Bu yasayla birlikte kadın haklarına yönelik her gün yeni bir saldırının gelişebileceğini belirttiniz. Artan kadına yönelik şiddet ve çocuğa yönelik istismara karşı kadınların nasıl bir mücadele içerisinde olması gerekiyor? 
 
Çocuk istismarında rızanın 12 yaşa düşürülmesi, 15 yaş ve sonrasında rızanın kabulü, resmi nikah olmadan nikah kıyan imam ve çiftlere ceza verilmemesi gibi kararların ardından müftülere nikah yetkisi verilmesi, kadını tüm bu süreçlerde güçsüz, yalnız ve çaresiz bırakmaya yöneliktir. Kadın iradesi, adeta evlilik sürecinden tamamen soyutlanmaktadır.
 
Bizler eşitlik ve özgürlük mücadelesi veren kadınlar, kadın dernekleri, siyasi partiler, insan hakları savunucuları ve hukukçular olarak tüm bu sistematik kadın düşmanlığı karşısında her alanda mücadelemizi sürdürmek zorundayız.

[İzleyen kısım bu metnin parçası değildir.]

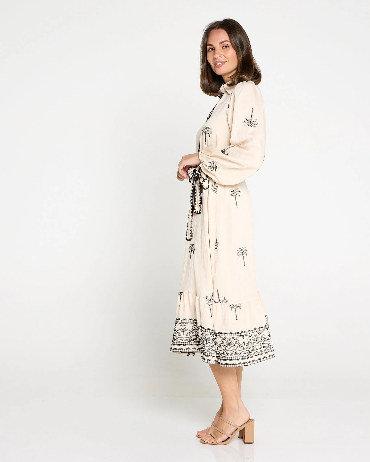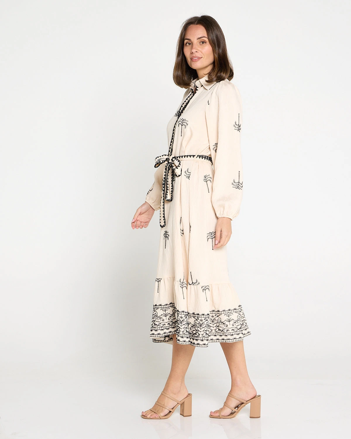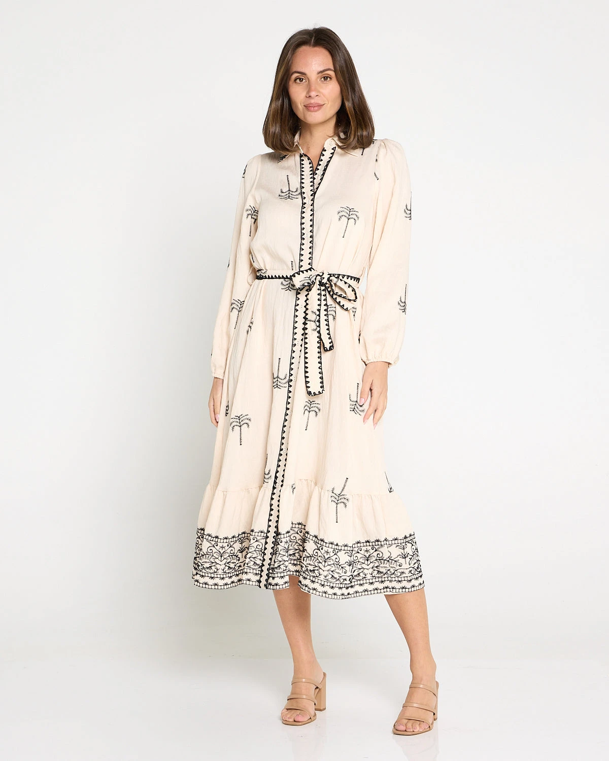 The Averaine Embroidered Dress in cream is a refined statement piece that blends relaxed comfort with elevated detailing. Contrasting black embroidery brings a timeless, artisanal finish, while the lightweight woven fabric drapes fluidly for an easy, breathable feel. Designed with a V neckline and shirt collar, a button-down front, and long sleeves with elasticated cuffs, it’s effortless to wear from day to evening. A removable embroidered waist tie lets you define the shape, and the tiered hem with border embroidery adds soft movement through the midi-length silhouette.
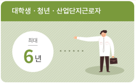 - 대학생 : 대학에 재학 중 또는 입,복학 예정인 혼인중이 아닌 무주택자가 해당됩니다. 또한 본인 및 부모의 소득 및 자산기준을 충족해야합니다.
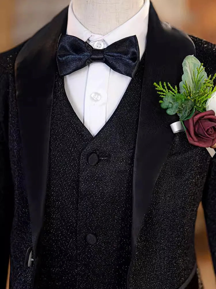 Elegante traje de esmoquin negro brillante con pajarita para niño: perfecto para bodas, fiestas y sesiones de fotos.
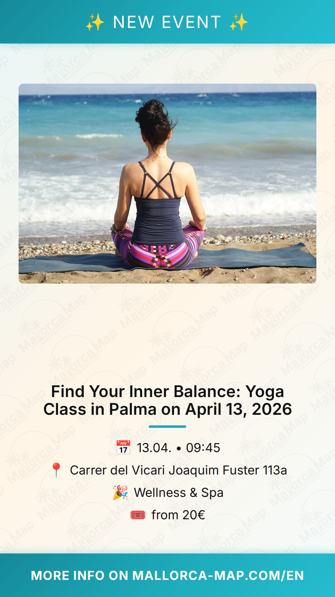 About Find Your Inner Balance: Yoga Class in Palma on April 13, 2026 Wellness & Spa
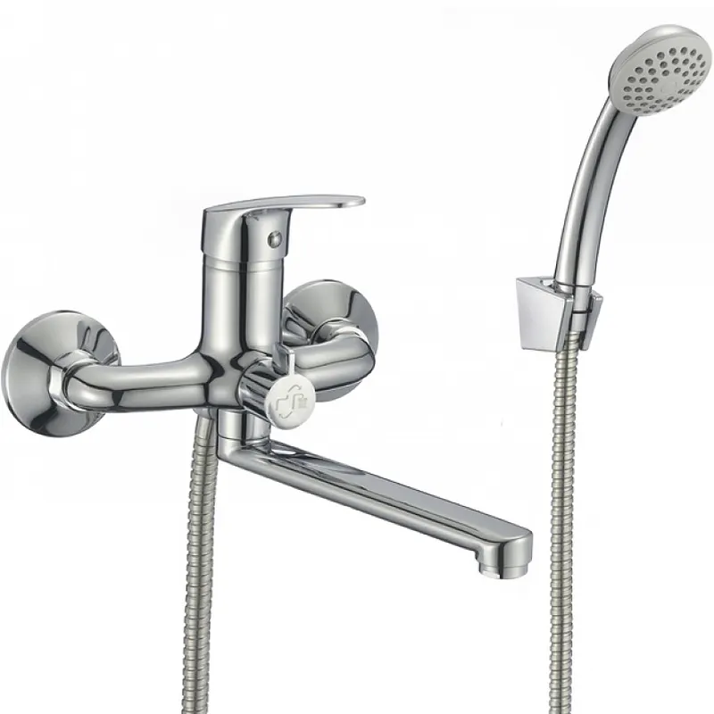 - Хромированный смеситель для ванны с поворотным изливом: Обеспечивает гибкость в использовании и легкость в управлении потоком воды.
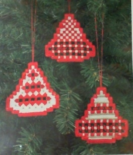 Julebroderi hardanger, juletræer 3stk. rød/hvid 7,5 x 8cm.
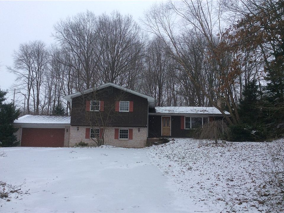 Great Floor Plan for this 3 Bedroom, 1 3/4 bath split level. This home is nestled on a beautiful wooded lot. An updated Oak kitchen, LR w/ Wood Burner insert and Sunroom addition are some of the nice features of this home. Lower level family room area and attached 2 car garage plus detached metal garage. Needs TLC.
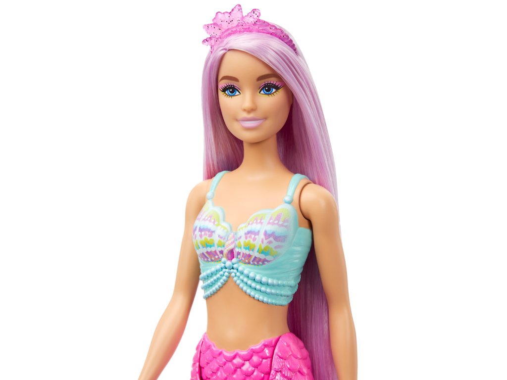 • Panenka Barbie mořská panna nosí krásně zdobený živůtek z mušle a růžový ocas s ploutvemi ombre.
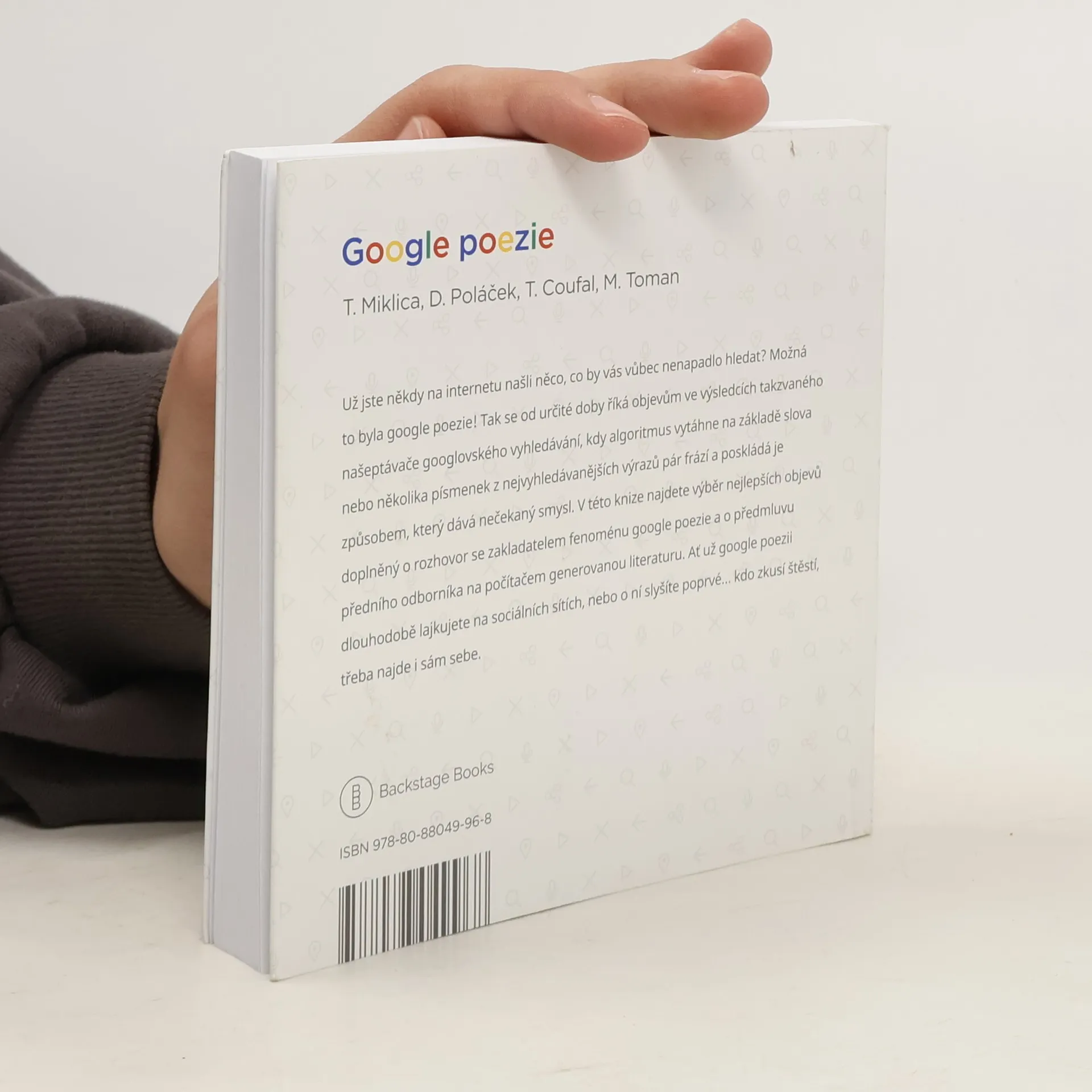Už jste někdy na internetu našli něco, co by vás vůbec nenapadlo hledat? Možná to byla google poezie! Tak se od určité doby říká objevům ve výsledcích takzvaného našeptávače googlovského vyhledávání, kdy algoritmus vytáhne na základě slova nebo několika písmenek z nejvyhledávanějších výrazů pár frází a poskládá je způsobem, který dává nečekaný smysl. V této knize najdete výběr nejlepších objevů doplněný o rozhovor se zakladatelem fenoménu google poezie a o předmluvu předního odborníka na počítačem generovanou literaturu. Ať už google poezii dlouhodobě lajkujete na sociálních sítích, nebo o ní slyšíte poprvé... kdo zkusí štěstí, třeba najde i sám sebe.
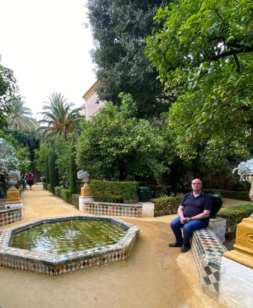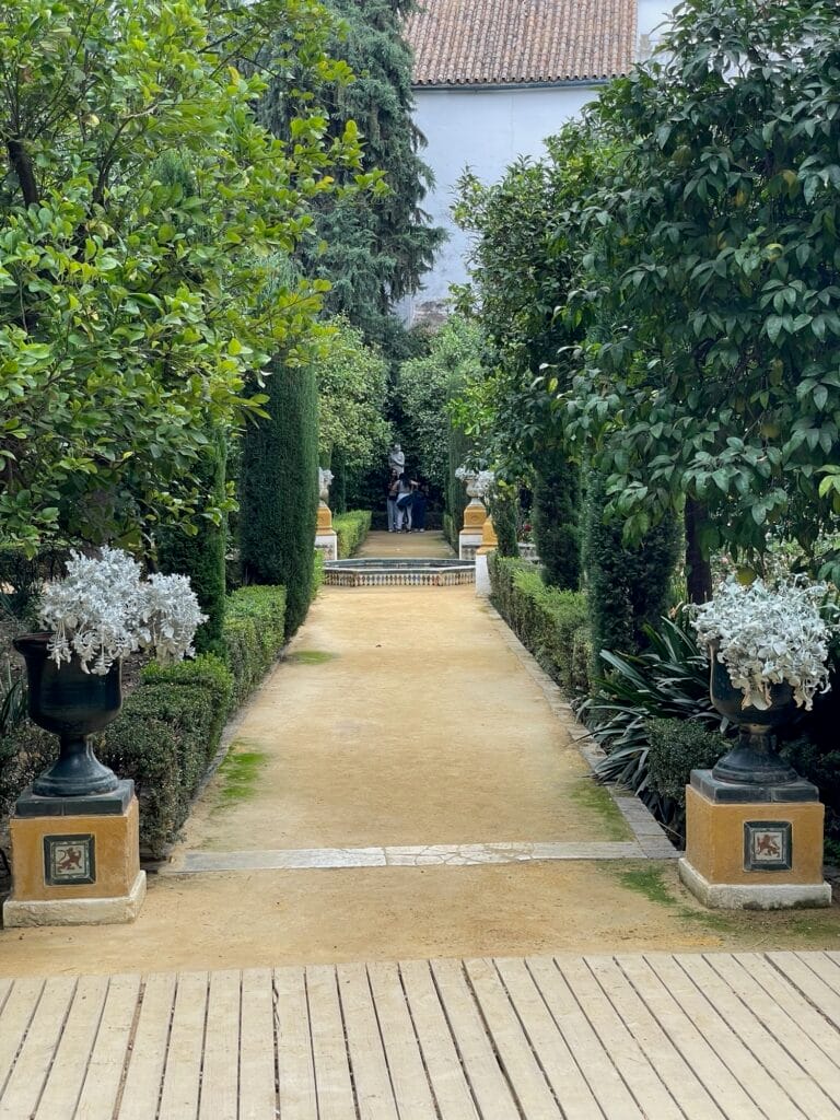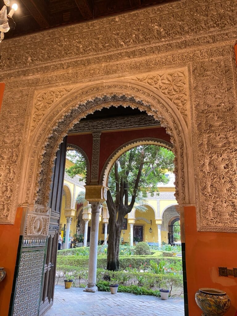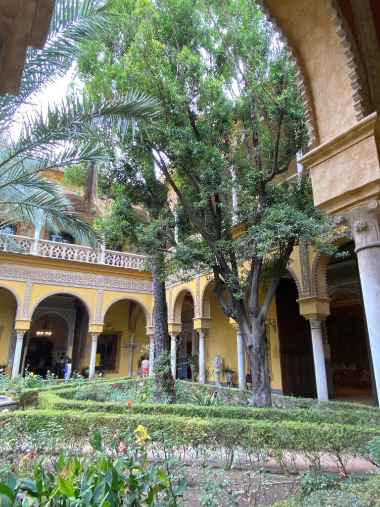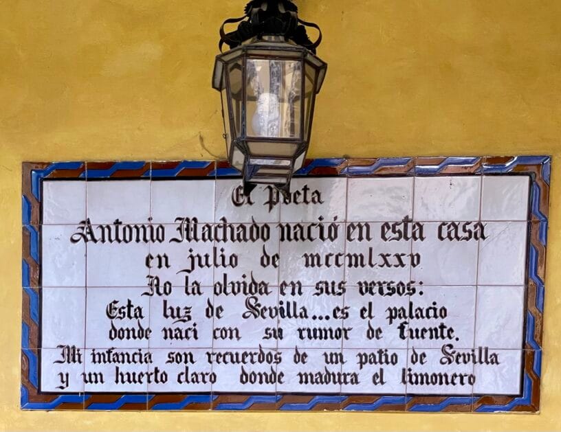Der Morgen startet bedeckt mit leichtem Nieselregen. Gabi hat trotzdem, oder gerade wegen der kühleren Temperatur, viele Vorschläge für unseren letzten Tag. Ich rechne das kurz in Kaffeepausen um und argumentiere, dass ich so viel Koffein nicht mehr gut vertrage. Also einigen wir uns auf den Palacio de las Dueñas, wo 1875 der Dichter Antonio Machado geboren wurde (von dem das Gedichtfragment oben stammt), und die königliche Tabakfabrik, in der heute ein Teil der Universität untergebracht ist.

Toplumsal muhalefetin en önemli öznelerinden biri olan kadınların hakları ve kazanımlarını korumak ve ileri taşıyabilmek, kadınların başta yaşam hakları olmak üzere sahip oldukları hakların gerçekleştirilmesini sağlayan bir toplum düzeninin inşası için mücadele etmeliyiz. Özgürleşen kadınların yarattığı bir dünya için; ataerkiye, faşizme, toplumun muhafazakarlaştırılmasına karşı her türlü alanda sesimizi yükseltmeye devam etmeliyiz, edeceğiz.